Work item: Among the entries that follow, the required portion opens with the line containing "本游戏是人气大服,装备、等级" and closes with the line containing "在此次省委高校工委、省教育厅". Give that portion again exactly, and nothing else.

Stored data:
┄┄┄┄┄┄
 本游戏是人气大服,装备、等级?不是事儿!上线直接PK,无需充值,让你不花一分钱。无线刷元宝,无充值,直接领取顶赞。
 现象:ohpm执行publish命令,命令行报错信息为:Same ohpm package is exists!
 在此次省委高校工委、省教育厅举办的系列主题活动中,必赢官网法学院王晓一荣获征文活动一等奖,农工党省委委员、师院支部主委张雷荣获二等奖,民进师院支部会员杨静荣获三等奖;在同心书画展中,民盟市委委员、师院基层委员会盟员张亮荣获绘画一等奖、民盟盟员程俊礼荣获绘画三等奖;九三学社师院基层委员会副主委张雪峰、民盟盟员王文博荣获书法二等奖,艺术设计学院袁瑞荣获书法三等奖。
┄┄┄┄┄┄
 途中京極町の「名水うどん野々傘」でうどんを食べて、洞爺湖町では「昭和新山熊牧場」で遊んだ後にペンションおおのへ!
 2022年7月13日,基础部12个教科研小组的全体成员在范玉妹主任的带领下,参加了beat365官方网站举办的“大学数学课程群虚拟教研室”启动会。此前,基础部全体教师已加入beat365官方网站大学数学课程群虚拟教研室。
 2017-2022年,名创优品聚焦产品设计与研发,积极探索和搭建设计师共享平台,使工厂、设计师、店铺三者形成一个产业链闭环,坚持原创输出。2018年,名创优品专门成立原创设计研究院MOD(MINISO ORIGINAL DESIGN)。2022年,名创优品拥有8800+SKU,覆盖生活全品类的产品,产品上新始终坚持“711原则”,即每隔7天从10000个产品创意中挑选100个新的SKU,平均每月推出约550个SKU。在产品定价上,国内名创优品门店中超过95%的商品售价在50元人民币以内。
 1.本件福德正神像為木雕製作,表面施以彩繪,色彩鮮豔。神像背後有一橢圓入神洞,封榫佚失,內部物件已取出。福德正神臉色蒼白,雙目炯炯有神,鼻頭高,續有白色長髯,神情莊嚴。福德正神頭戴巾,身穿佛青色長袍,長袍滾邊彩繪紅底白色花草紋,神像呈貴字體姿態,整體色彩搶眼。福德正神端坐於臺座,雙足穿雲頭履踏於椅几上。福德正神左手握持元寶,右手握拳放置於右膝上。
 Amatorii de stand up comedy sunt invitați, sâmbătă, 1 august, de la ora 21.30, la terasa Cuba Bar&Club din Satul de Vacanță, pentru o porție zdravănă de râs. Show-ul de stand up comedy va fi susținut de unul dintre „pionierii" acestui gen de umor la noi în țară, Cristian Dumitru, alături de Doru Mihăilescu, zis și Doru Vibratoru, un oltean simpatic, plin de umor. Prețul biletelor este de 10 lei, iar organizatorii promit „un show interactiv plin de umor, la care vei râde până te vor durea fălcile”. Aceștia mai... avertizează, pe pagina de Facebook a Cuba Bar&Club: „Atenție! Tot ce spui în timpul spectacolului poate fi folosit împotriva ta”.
┄┄┄┄┄┄
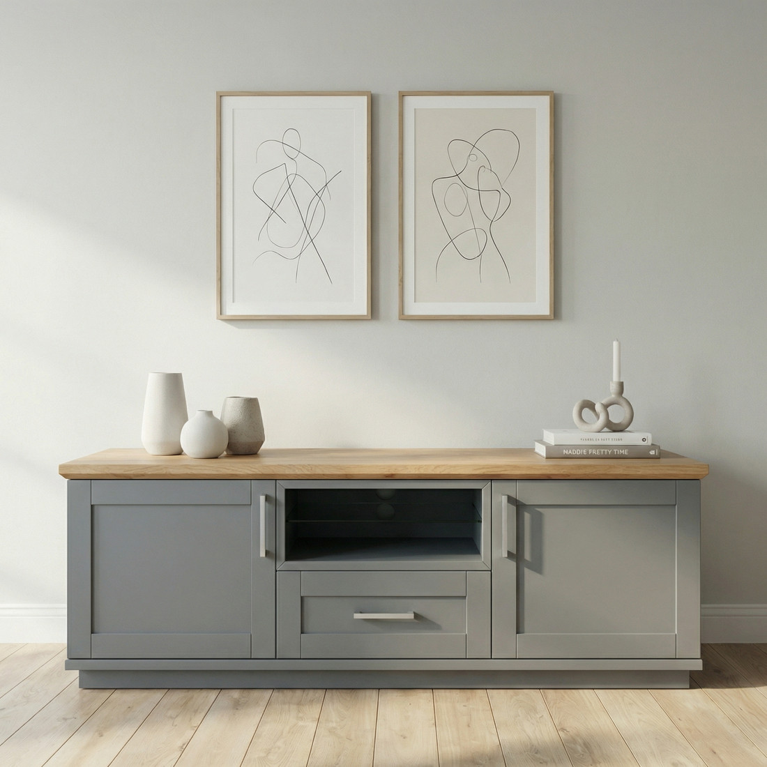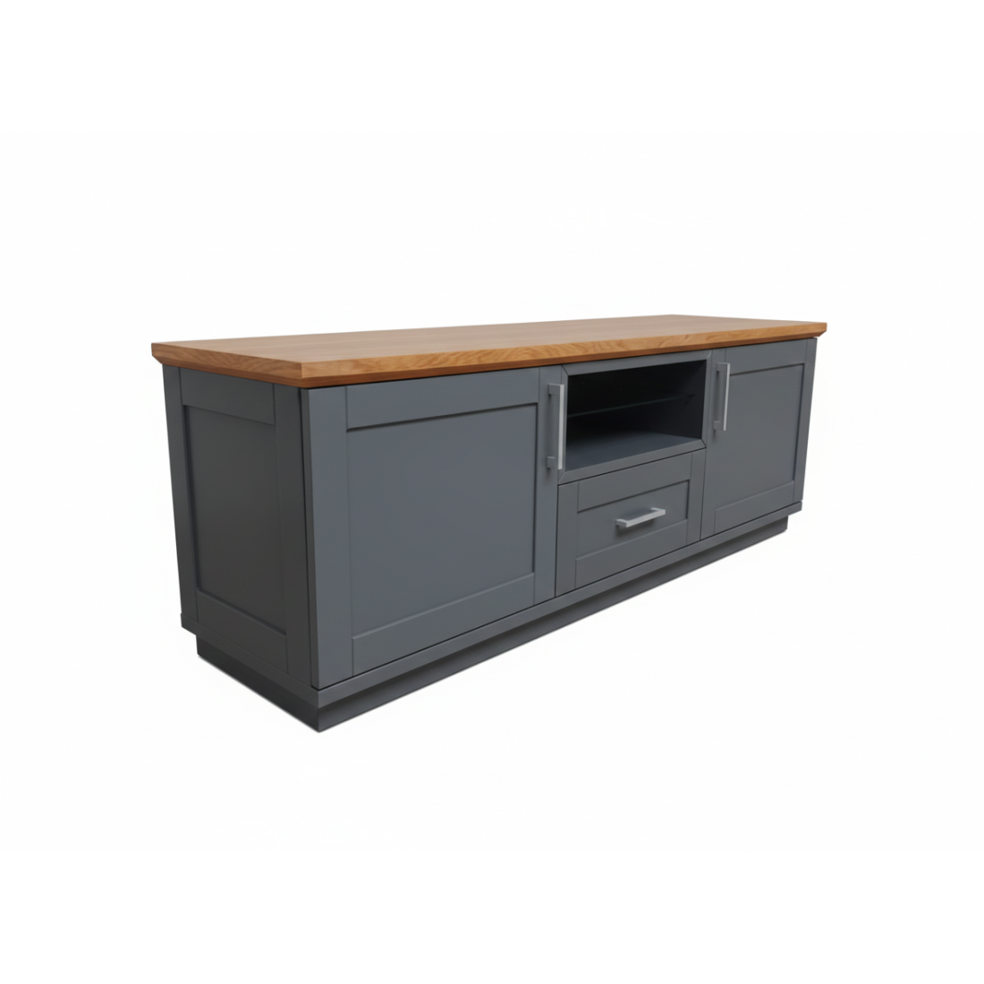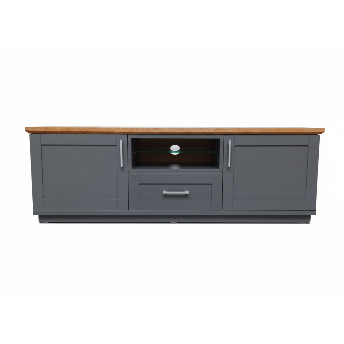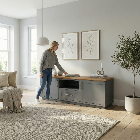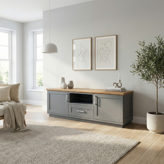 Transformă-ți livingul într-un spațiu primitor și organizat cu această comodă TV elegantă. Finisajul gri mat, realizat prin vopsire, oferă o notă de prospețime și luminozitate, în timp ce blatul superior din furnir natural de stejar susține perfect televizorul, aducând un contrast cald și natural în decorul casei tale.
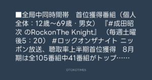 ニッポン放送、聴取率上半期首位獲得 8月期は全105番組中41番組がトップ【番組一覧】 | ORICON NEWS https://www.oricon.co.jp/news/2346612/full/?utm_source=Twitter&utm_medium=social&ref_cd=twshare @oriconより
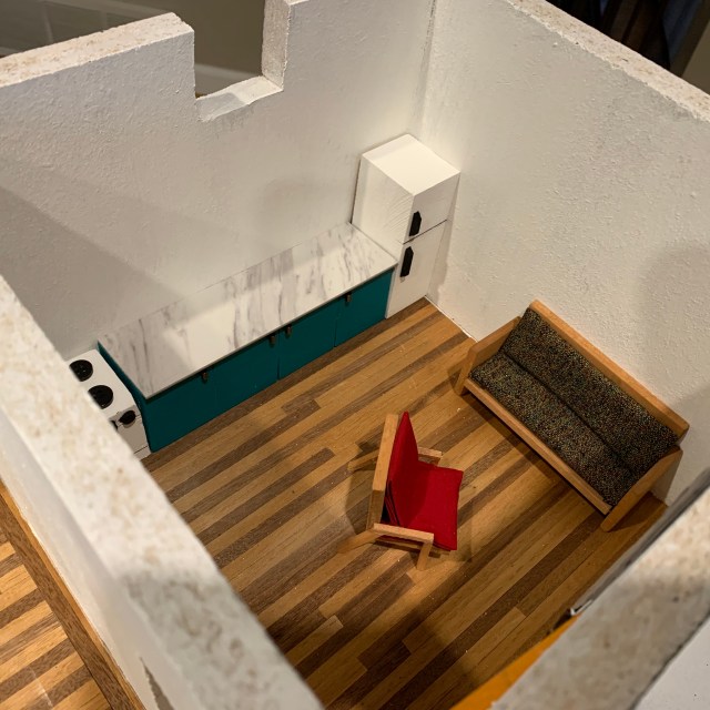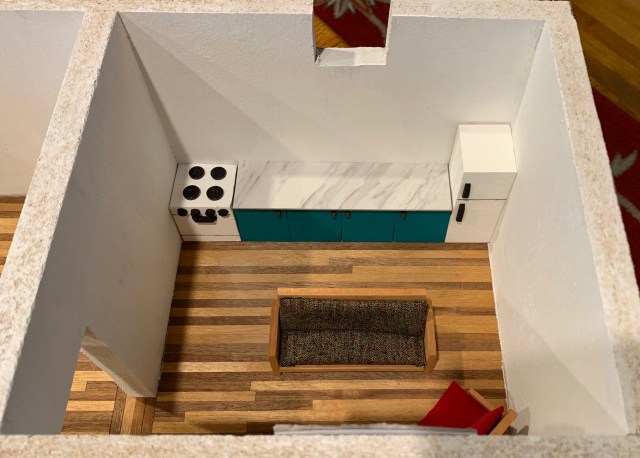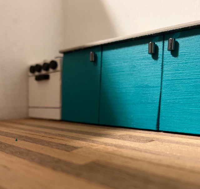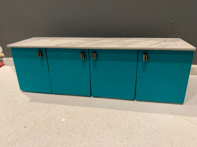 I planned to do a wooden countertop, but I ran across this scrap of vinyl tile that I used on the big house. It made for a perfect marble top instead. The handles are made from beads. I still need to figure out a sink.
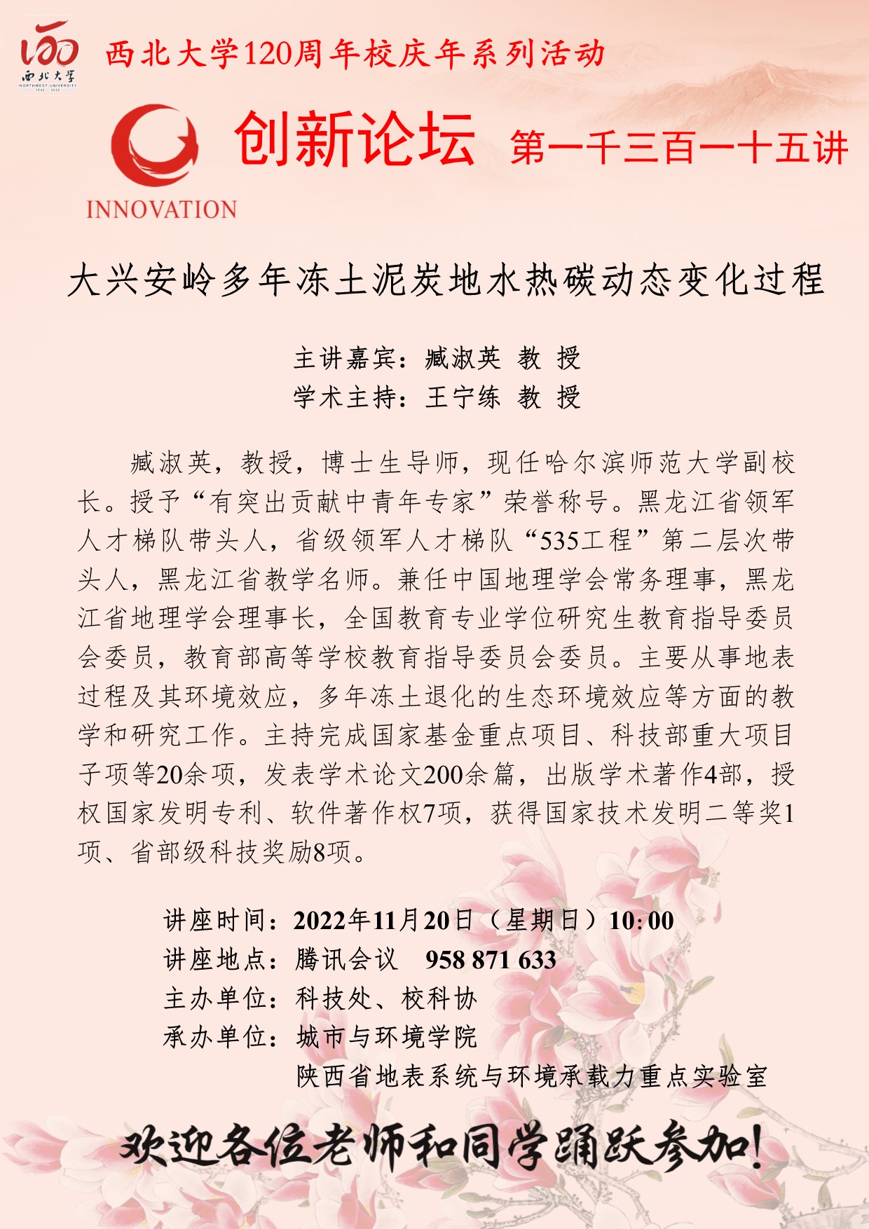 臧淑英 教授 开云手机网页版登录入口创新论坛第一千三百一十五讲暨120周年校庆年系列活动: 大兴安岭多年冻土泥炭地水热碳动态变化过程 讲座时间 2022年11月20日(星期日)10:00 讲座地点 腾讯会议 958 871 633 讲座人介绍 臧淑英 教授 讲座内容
┄┄┄┄┄┄
Response below:
 本游戏是人气大服,装备、等级?不是事儿!上线直接PK,无需充值,让你不花一分钱。无线刷元宝,无充值,直接领取顶赞。
 现象:ohpm执行publish命令,命令行报错信息为:Same ohpm package is exists!
 在此次省委高校工委、省教育厅举办的系列主题活动中,必赢官网法学院王晓一荣获征文活动一等奖,农工党省委委员、师院支部主委张雷荣获二等奖,民进师院支部会员杨静荣获三等奖;在同心书画展中,民盟市委委员、师院基层委员会盟员张亮荣获绘画一等奖、民盟盟员程俊礼荣获绘画三等奖;九三学社师院基层委员会副主委张雪峰、民盟盟员王文博荣获书法二等奖,艺术设计学院袁瑞荣获书法三等奖。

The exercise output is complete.